Das Piratenbucht Debakel



Die schwedische Webseite "Pirate Bay" (Piratenbucht) ist weltweit eine der populästen Seiten für Bittorrent Information. Auf Druck der USA (man vermutet heute, dass die Initiative ganz von oben, vom weissen Haus aus angeordnet worden ist), hatte die schwedische Polizei Piratebay geschlossen.

Schon Anfangs Juni hatte das schwedische Fernsehen berichtet, die Aktion sei auf Druck der USA durchgeführt worden. Der Spiegel hatte am 6. Juni getitelt "Piratenkrieg in Schweden".


"Piratbay" ging für einige Tage nach Holland ins Exil, hiess "Polizei Bucht" und ist jetzt wieder in Schweden online, unter dem Namen "Phöix Bucht". Die Betreiber planen, Internetseiten in verschiedenen Ländern zu unterhalten, um das Risiko einer erneuten Razia zu verhindern.
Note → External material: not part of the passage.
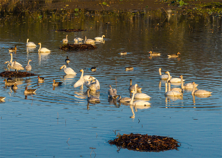 11月20日,安徽省池州市月亮湖湿地迎来小天鹅越冬。

Nach Alexa.com einer Firma, die den Internetverkehr misst, hat sich der Verkehr auf Pirate Bay nach der Razia verdoppelt und ist langfristig auf dem Niveau vor der Aktion. (Siehe Graph links). Die Firma sagt auf der Webseite, dass sie im Moment nicht mit Liefern von TShirts und anderem Werbematerial nachkommen. Der Schuss auf die Piraten könnte also nach hinten rausgegangen sein.


Übrigens, hier sind der Alexis Statistik von rhetorik.ch.


Der Vorfall ist immer noch interessant, denn es geht um die internationalen Beziehungen mit den USA. Die USA hat Handelsaktionen angekündigt, falls die Seite nicht geschlossen wird. Juristisch ist die Sache heikel, denn der Bittorrent Server selbst hat keine der getauschten Files auf dem Computer, nur Information, welche Teilnehmer Stückchen der File haben. Das Bittorrentprotokoll kann Daten zwischen verschiedenen Internetbenutzern austauschen, auch wenn die einzelnen Teilnehmer nur Stückchen der Files haben.